◆ COLLECTED DATA ◆
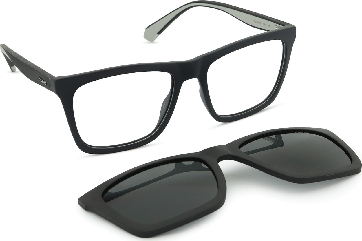 Os óculos também incluem um clip solar adicional, que se fixa facilmente à armação dos óculos e os transforma em óculos de sol. O clip adapta-se perfeitamente à forma da armação e a sua instalação é muito rápida e simples. No entanto, se tiver dioptrias mais altas, é necessário escolher uma versão mais fina das lentes para que o clip não toque na superfície esférica frontal das lentes e se ajuste corretamente à armação.
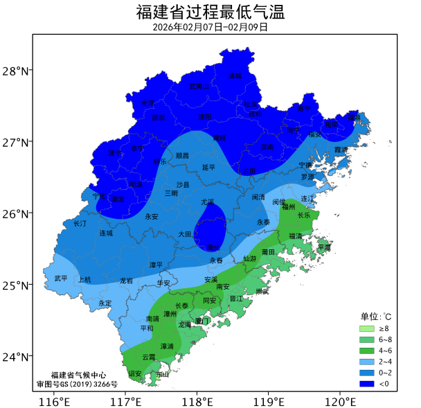 福州西部、泉州西北部城区达0~4℃
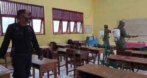 Brimob Bersama TNI dan Polsek Simpang Keuramat, Semprot Disinfektan di Sekolah
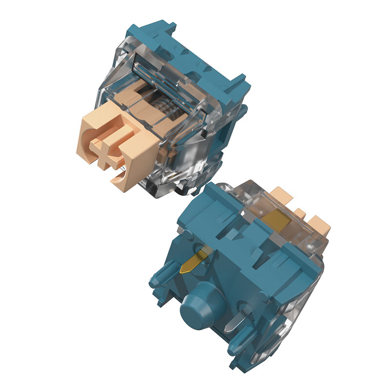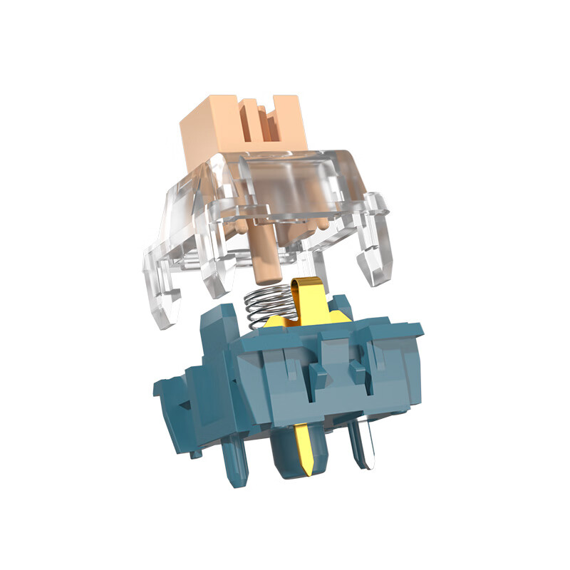 国潮配色,新增十字导心,总行程:4.0±0.4mm,操作力:40±10gf,导通行程:2.2±0.4mm,机械寿命:约7000万次。

◆ DIRECTIONS FOR THIS TASK ◆
The full listing, transcribed exactly and without its pictures, is the expected result.

◆ EXERCISE RESULT ◆
 Os óculos também incluem um clip solar adicional, que se fixa facilmente à armação dos óculos e os transforma em óculos de sol. O clip adapta-se perfeitamente à forma da armação e a sua instalação é muito rápida e simples. No entanto, se tiver dioptrias mais altas, é necessário escolher uma versão mais fina das lentes para que o clip não toque na superfície esférica frontal das lentes e se ajuste corretamente à armação.
 福州西部、泉州西北部城区达0~4℃
 Brimob Bersama TNI dan Polsek Simpang Keuramat, Semprot Disinfektan di Sekolah
 国潮配色,新增十字导心,总行程:4.0±0.4mm,操作力:40±10gf,导通行程:2.2±0.4mm,机械寿命:约7000万次。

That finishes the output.